In the three years following an FDA panel recommendation against approval of sanofi-aventis Group's Acomplia rimonabant to treat obesity due to severe neurological side effects, centrally acting inhibitors of

cannabinoid CB1 receptor have all but disappeared from development. Now, researchers at the NIH and Northeastern University have taken the CNS out of the equation by showing that a peripheral inhibitor of the receptor treated obesity and related metabolic disorders without eliciting neurological side effects in mice even though it could not enter the CNS.1

The NIH group is now working with Jenrin Discovery Inc., which has a number of peripheral cannabinoid CB1 receptor (CNR1) inhibitors in preclinical development. The company hopes to select a lead compound to treat diabetes or liver disease.

CNR1 is expressed in the brain, where it regulates appetite, and in peripheral tissues such as the liver, pancreas, skeletal muscle and fat, where it regulates lipogenesis and other metabolic processes. A number of pharma companies developed brain-permeable CNR1 inhibitors for obesity, including rimonabant and Merck & Co. Inc.'s taranabant

(MK-0364). The problem was that the efficacy of the compounds could not be separated from severe CNS side effects.
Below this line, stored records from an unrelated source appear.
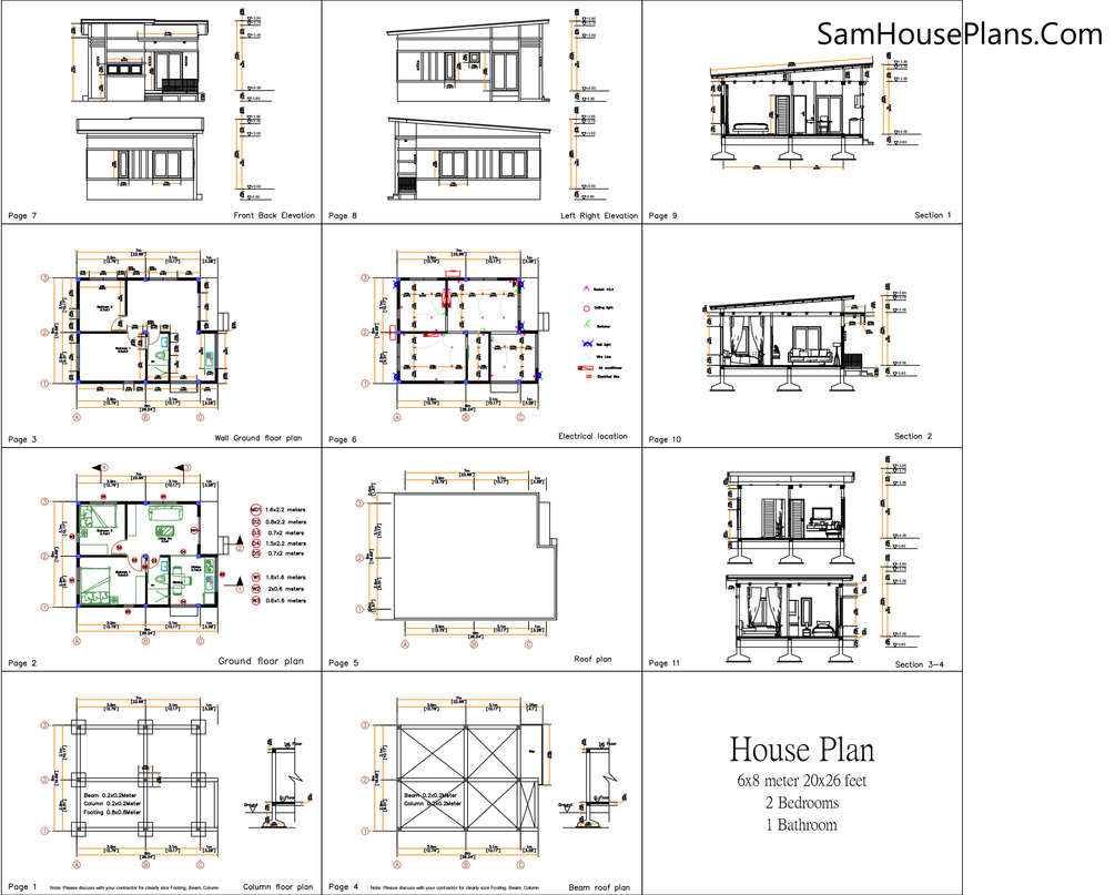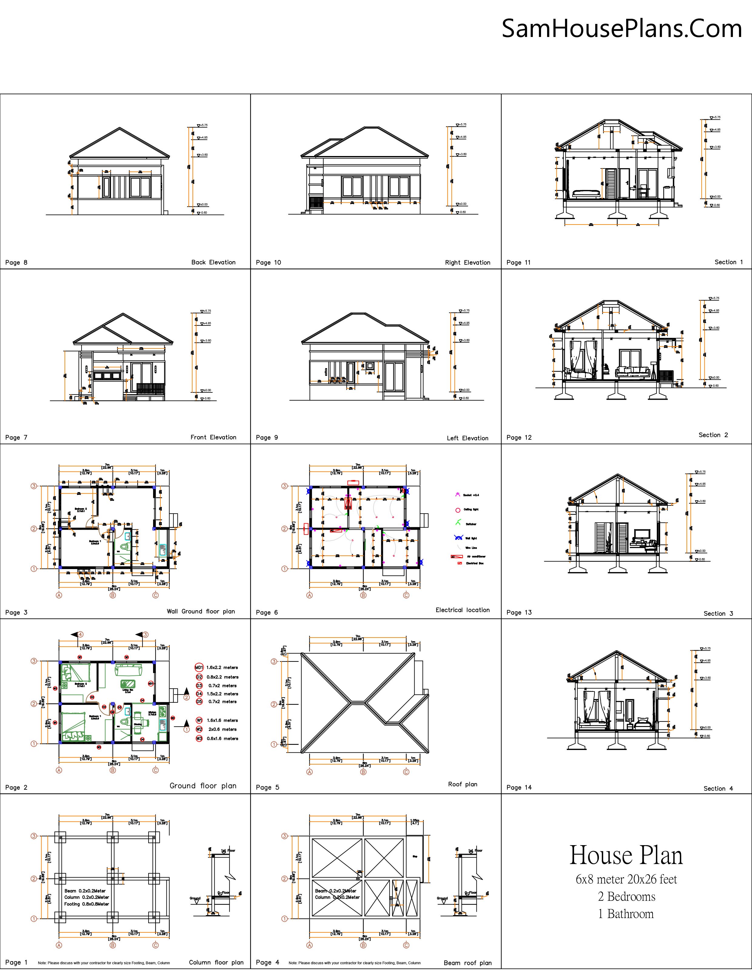 20x26 Small House Plan 6x8 Meter 2 Beds Pdf Full Plan. This house is perfect for small family.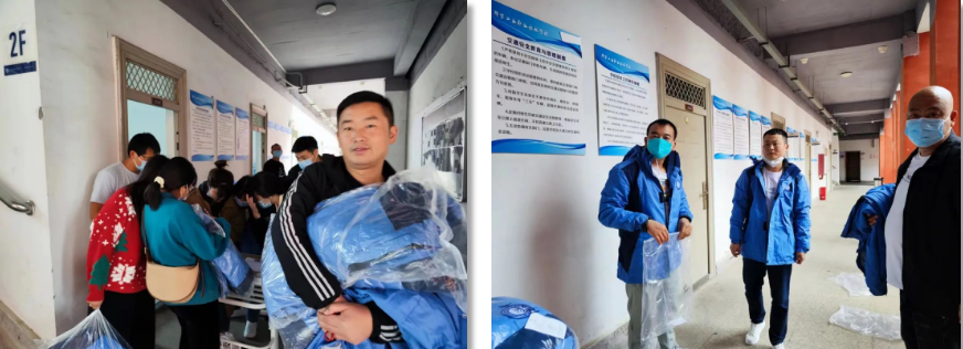 當實施靜默管理后,我院80余名教職工連夜趕回學校,他們勇毅逆行、不畏風險,義無反顧地奮戰(zhàn)在抗擊疫情的一線,他們不僅為全院師生帶來感動,更為疫情防控注入必勝的決心。由于時間緊、任務(wù)重,他們大多數(shù)來得匆忙,恰遇氣溫驟降,教職工們著裝單薄、無換洗衣物便成了大問題。桐城市創(chuàng)意服裝有限公司得知情況后,立即決定將為22級新生準備的校服中拿出沖鋒衣80余件無償捐獻給學院抗疫一線教職工保暖所用。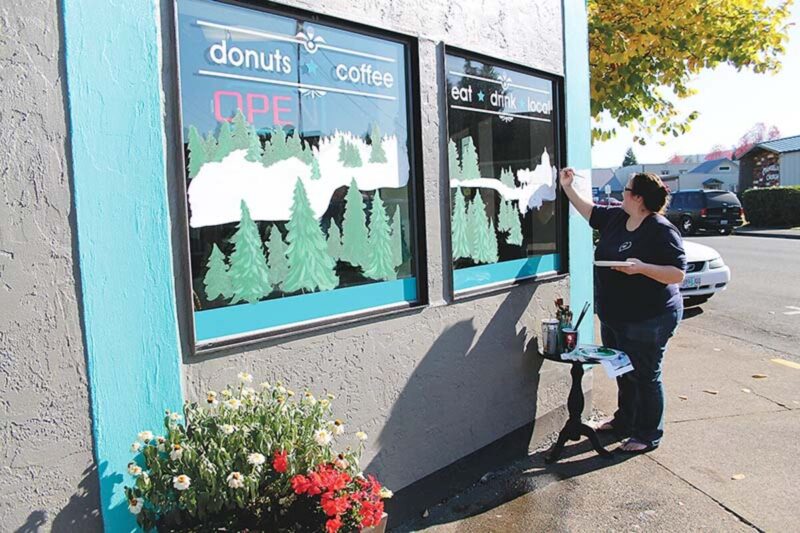 Pulliam, owner of Willamette Valley Art Studio in Lebanon, hosts paint night events throughout the Willamette Valley, and recently expanded to painting windows.

As a result, all of the inhibitors had been discontinued by 2008.

But also that year, clues began to emerge that CNR1 inhibitors may not need to cross the blood brain barrier to elicit therapeutic effects. Researchers led by George Kunos showed that liver-specific knockout of Cnr1 protected obese mice from diet-induced insulin resistance, hepatic steatosis (fatty liver)...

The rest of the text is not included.